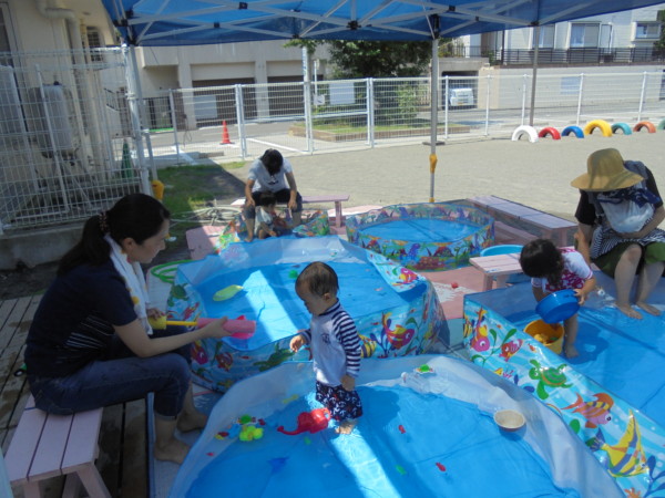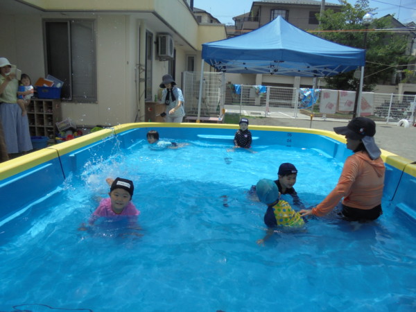 プールでは、小さいお友だちはビニールプールに入り、おもちゃで遊んだり水の感触を楽しみましたよ。ニコニコ笑顔がとても可愛く楽しさが伝わってきました♡大きいお友だちは幼児用プールでたくさん泳いで遊びました。バタ足に挑戦してみたりと泳ぎが上手になってきましたよ!また遊びに来てくださいね。
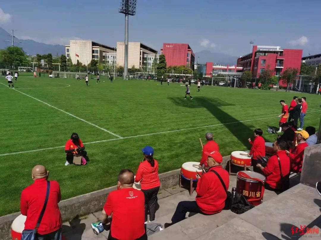 球迷用锣鼓声为球队训练助威
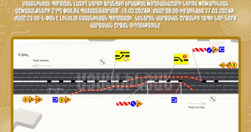 Մյասնիկյան պողոտան հատող Նորքի ջրանցքի երկաթյա խողովակաշարը նորով փոխարինելու 2-րդ փուլով պայմանավորված, ս.թ. մարտի 15-ին՝ ժամը՝ 08:00-ից մինչև մարտի 17-ը՝ ժամը 23:00-ն Մյասնիկյան պողոտայի՝ Կենտրոն վարչական շրջանից դեպի Նոր Նորք վարչական շրջան ուղղության երթևեկելի մեկ գոտին փակ է լինելու: Երթևեկությունն իրականացվելու է հանդիպակաց ուղղության մեկ երթևեկելի գոտու հաշվին:
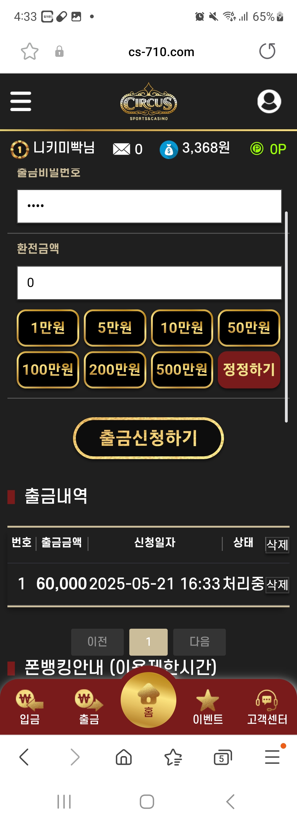 6만원에 이렇게 허덕이는 사이트는 또 처음보네요 이용 중지 바랍니다
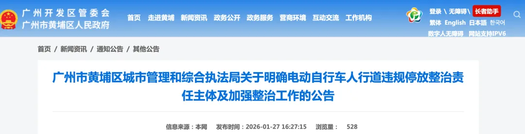 四、倡导文明出行。广大电动自行车驾驶人应自觉遵守《广州市电动自行车管理规定》及本公告要求,将电动自行车规范停放在指定停放区内,共同维护人行道通行秩序与城市环境。
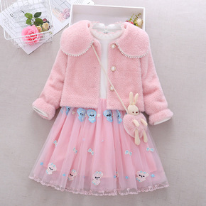 女童加绒冬裙2022新款韩版翻领水貂绒连衣裙儿童加厚两件套套装潮
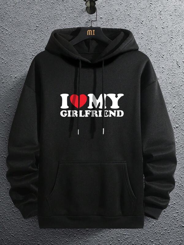 Valentine's Day Men Heart & Slogan Graphic Kangaroo Pocket Drawstring Thermal Hoodie
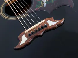 Звук: громкий, объемный, с ярким басом и серединой. Можно играть как медиатором, так и перебором (фингерстайл).
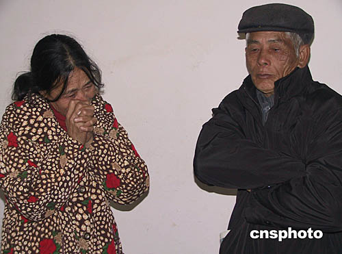 一月十九日,福建平潭十九歲勞工魏武在伊拉克被武裝分子綁架,其母薛金嬌(圖左)在接受記者采訪時希望中國政府能盡快救出其子。圖為當(dāng)?shù)乩先嗽谖杭覄裎恳恢笨奁难饗伞W髡?王東明
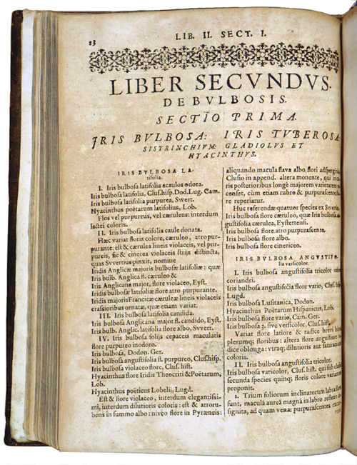 Bauhin, a Swiss botanist and anatomist, separated botany from materia medica, nomenclaturally distinguished genera from species, and discarded alphabetical enumeration of plants for groupings according to plant affinities. He was also a pioneer in binomial nomenclature. His Pinax (Basel, 1623) organized the names and synonyms of 6,000 species and dominated botany for a century. Right: HI Archives portrait no. 4. |
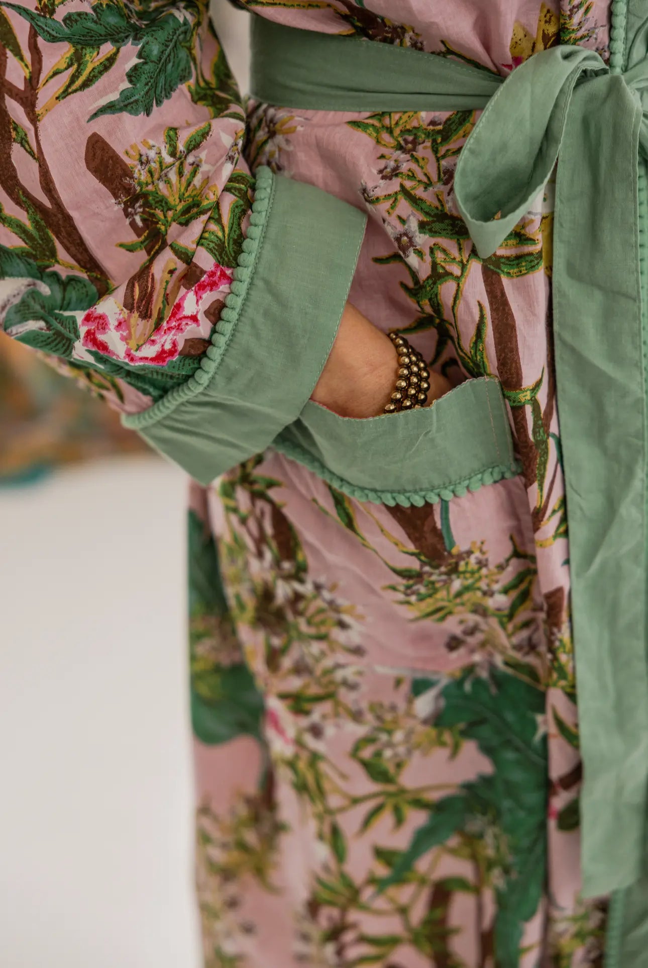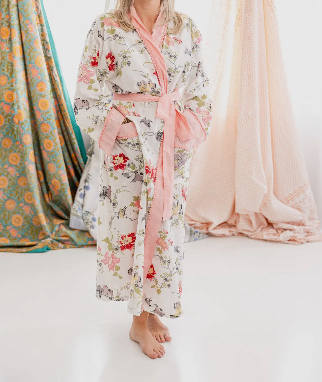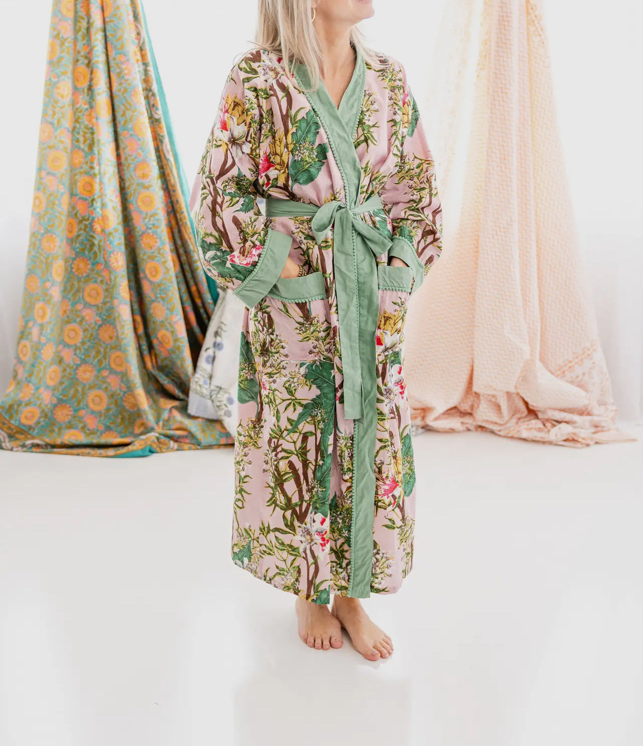 Rehab's Rope is a faith-based company in Georgia dedicated to empowering women and children in the fight against human trafficking, with profits from product sales fueling their vital mission. Among their many beautiful offerings are these enchanting Indian block print paradise cotton robes—a timeless craft of dyeing and coloring with wooden blocks, perfected over generations. Each robe is a cozy embrace, perfect for lounging at home or on a blissful getaway. They are lightweight and airy making them perfect for where in the spring and summer season. Inspired by love, peace, and happiness, these robes come from an artisan company renowned not only for their exceptional craftsmanship but also for the care they provide to their employees and their extended families. Wrap yourself in one and join the movement to make a difference!
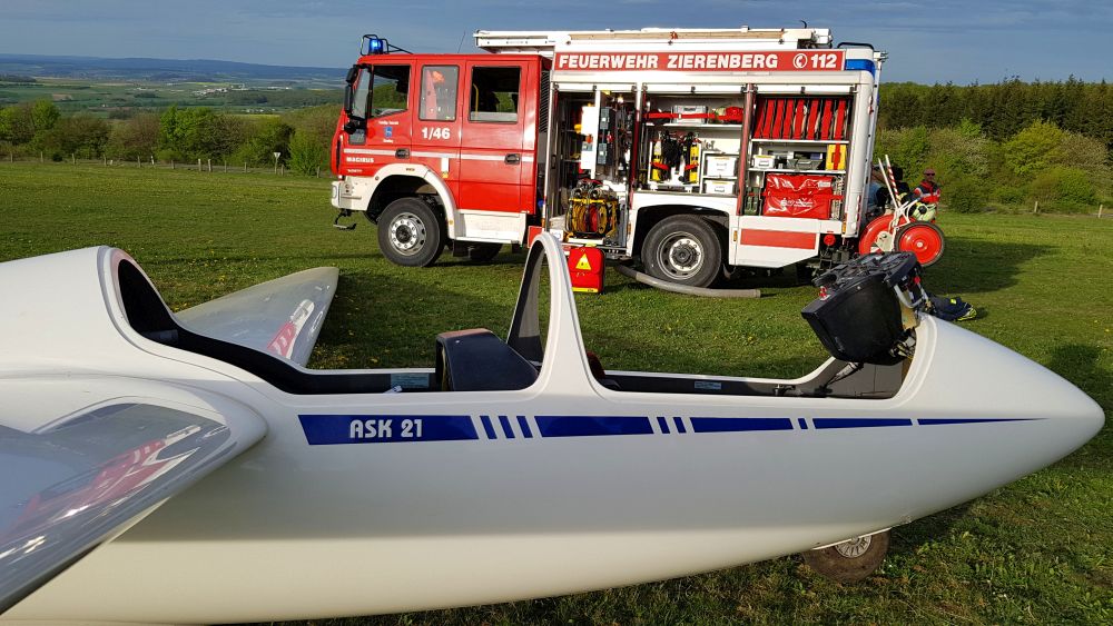 Zierenberg – Am Donnerstagnachmittag kam es auf dem Segelflugplatz „Hoher Dörnberg“ gegen 17.50 Uhr zu einem schweren Unfall mit einem Segelflieger. Nach ersten Informationen von der Unfallstelle kam es zu einer so genannten „Startunterbrechnung“ und das Segelflugzeug vom Typ ASK 21 musste aus einer Höhe von rund sechs Metern eine harte Landung durchführen. Im Flieger befanden sich der 46- jährige Fluglehrer und seine 17-jährige Flugschülerin. Um beide Personen aus dem Segelflieger befreien zu können, musste die Kanzel durch die Feuerwehr mit hydraulischem Gerät entfernt werden.

+--

Do not include the images; transcribe the rest of the listing exactly.

 プールでは、小さいお友だちはビニールプールに入り、おもちゃで遊んだり水の感触を楽しみましたよ。ニコニコ笑顔がとても可愛く楽しさが伝わってきました♡大きいお友だちは幼児用プールでたくさん泳いで遊びました。バタ足に挑戦してみたりと泳ぎが上手になってきましたよ!また遊びに来てくださいね。
 球迷用锣鼓声为球队训练助威
 Մյասնիկյան պողոտան հատող Նորքի ջրանցքի երկաթյա խողովակաշարը նորով փոխարինելու 2-րդ փուլով պայմանավորված, ս.թ. մարտի 15-ին՝ ժամը՝ 08:00-ից մինչև մարտի 17-ը՝ ժամը 23:00-ն Մյասնիկյան պողոտայի՝ Կենտրոն վարչական շրջանից դեպի Նոր Նորք վարչական շրջան ուղղության երթևեկելի մեկ գոտին փակ է լինելու: Երթևեկությունն իրականացվելու է հանդիպակաց ուղղության մեկ երթևեկելի գոտու հաշվին:
 6만원에 이렇게 허덕이는 사이트는 또 처음보네요 이용 중지 바랍니다
 四、倡导文明出行。广大电动自行车驾驶人应自觉遵守《广州市电动自行车管理规定》及本公告要求,将电动自行车规范停放在指定停放区内,共同维护人行道通行秩序与城市环境。
 女童加绒冬裙2022新款韩版翻领水貂绒连衣裙儿童加厚两件套套装潮
 Valentine's Day Men Heart & Slogan Graphic Kangaroo Pocket Drawstring Thermal Hoodie
 Звук: громкий, объемный, с ярким басом и серединой. Можно играть как медиатором, так и перебором (фингерстайл).
 一月十九日,福建平潭十九歲勞工魏武在伊拉克被武裝分子綁架,其母薛金嬌(圖左)在接受記者采訪時希望中國政府能盡快救出其子。圖為當(dāng)?shù)乩先嗽谖杭覄裎恳恢笨奁难饗伞W髡?王東明
 Bauhin, a Swiss botanist and anatomist, separated botany from materia medica, nomenclaturally distinguished genera from species, and discarded alphabetical enumeration of plants for groupings according to plant affinities. He was also a pioneer in binomial nomenclature. His Pinax (Basel, 1623) organized the names and synonyms of 6,000 species and dominated botany for a century. Right: HI Archives portrait no. 4. |
 Rehab's Rope is a faith-based company in Georgia dedicated to empowering women and children in the fight against human trafficking, with profits from product sales fueling their vital mission. Among their many beautiful offerings are these enchanting Indian block print paradise cotton robes—a timeless craft of dyeing and coloring with wooden blocks, perfected over generations. Each robe is a cozy embrace, perfect for lounging at home or on a blissful getaway. They are lightweight and airy making them perfect for where in the spring and summer season. Inspired by love, peace, and happiness, these robes come from an artisan company renowned not only for their exceptional craftsmanship but also for the care they provide to their employees and their extended families. Wrap yourself in one and join the movement to make a difference!
 Zierenberg – Am Donnerstagnachmittag kam es auf dem Segelflugplatz „Hoher Dörnberg“ gegen 17.50 Uhr zu einem schweren Unfall mit einem Segelflieger. Nach ersten Informationen von der Unfallstelle kam es zu einer so genannten „Startunterbrechnung“ und das Segelflugzeug vom Typ ASK 21 musste aus einer Höhe von rund sechs Metern eine harte Landung durchführen. Im Flieger befanden sich der 46- jährige Fluglehrer und seine 17-jährige Flugschülerin. Um beide Personen aus dem Segelflieger befreien zu können, musste die Kanzel durch die Feuerwehr mit hydraulischem Gerät entfernt werden.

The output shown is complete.